***** Data

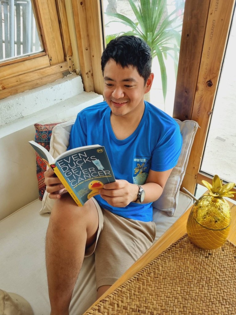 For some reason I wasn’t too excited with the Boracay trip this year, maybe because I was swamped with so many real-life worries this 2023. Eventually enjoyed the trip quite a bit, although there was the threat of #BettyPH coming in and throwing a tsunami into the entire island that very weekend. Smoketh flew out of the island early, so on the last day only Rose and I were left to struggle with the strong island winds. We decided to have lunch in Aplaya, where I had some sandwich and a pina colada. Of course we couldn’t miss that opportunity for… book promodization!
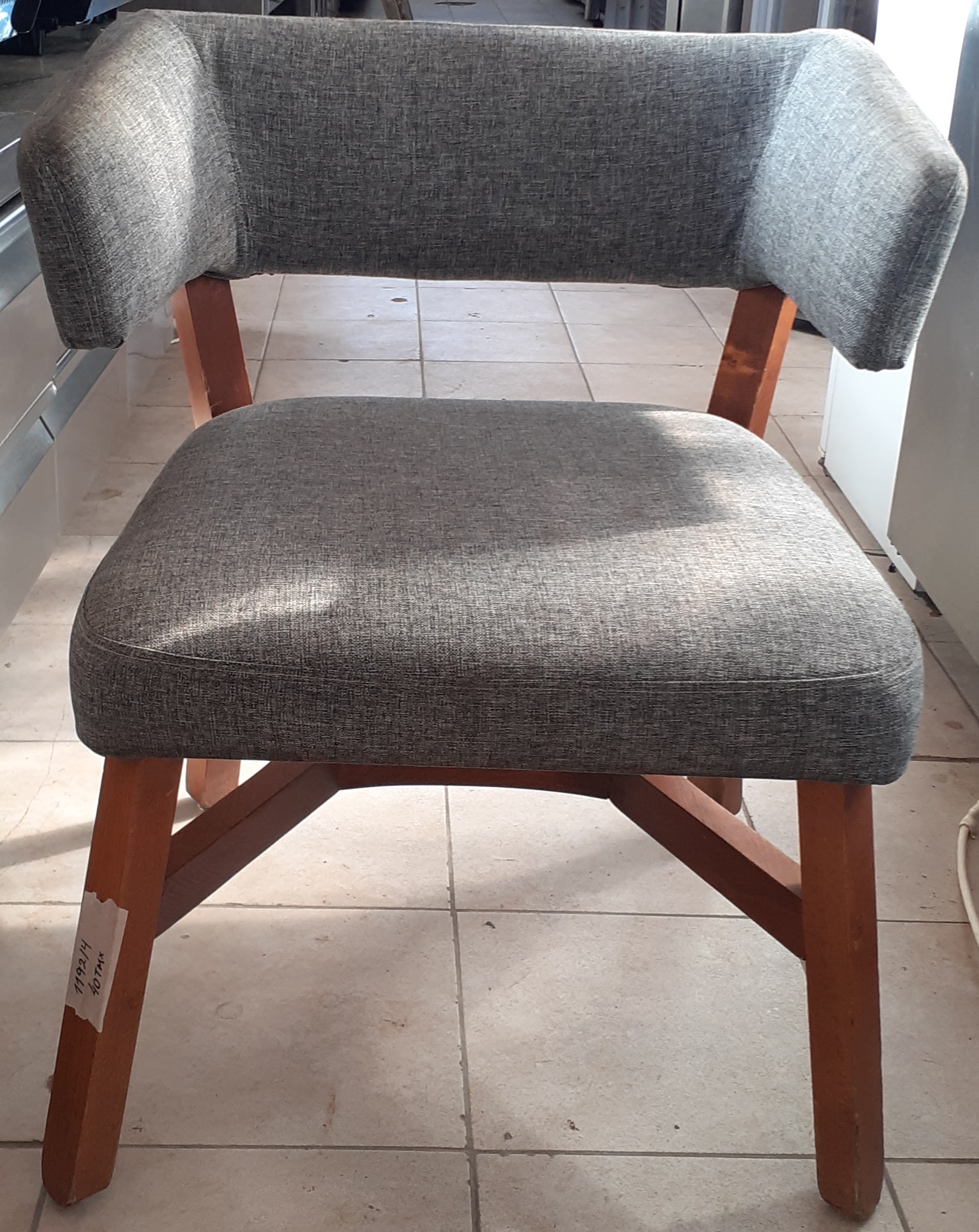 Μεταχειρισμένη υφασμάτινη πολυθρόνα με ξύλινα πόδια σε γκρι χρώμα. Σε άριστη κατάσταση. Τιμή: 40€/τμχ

**********
***** Data

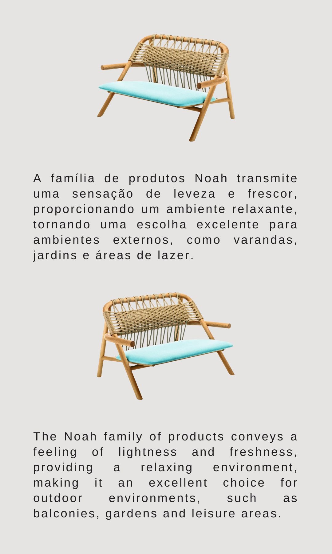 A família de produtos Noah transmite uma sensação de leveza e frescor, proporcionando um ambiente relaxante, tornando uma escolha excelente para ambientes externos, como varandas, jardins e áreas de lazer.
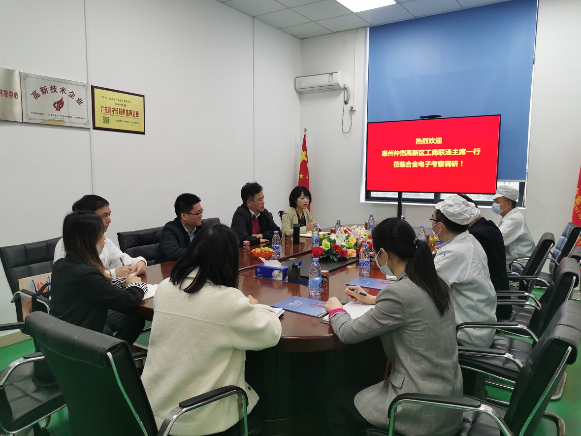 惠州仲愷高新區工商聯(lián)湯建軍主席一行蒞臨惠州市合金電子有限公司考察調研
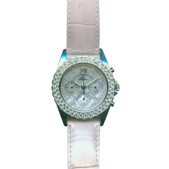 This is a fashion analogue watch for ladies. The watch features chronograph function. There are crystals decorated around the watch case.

**********

## What needs to be done
Taking the entries above, extract every line from the one bearing "惠州仲愷高新區工商聯(liá" through the one bearing "This is a fashion", exactly, with no pictures.

## Worked solution
 惠州仲愷高新區工商聯(lián)湯建軍主席一行蒞臨惠州市合金電子有限公司考察調研
 This is a fashion analogue watch for ladies. The watch features chronograph function. There are crystals decorated around the watch case.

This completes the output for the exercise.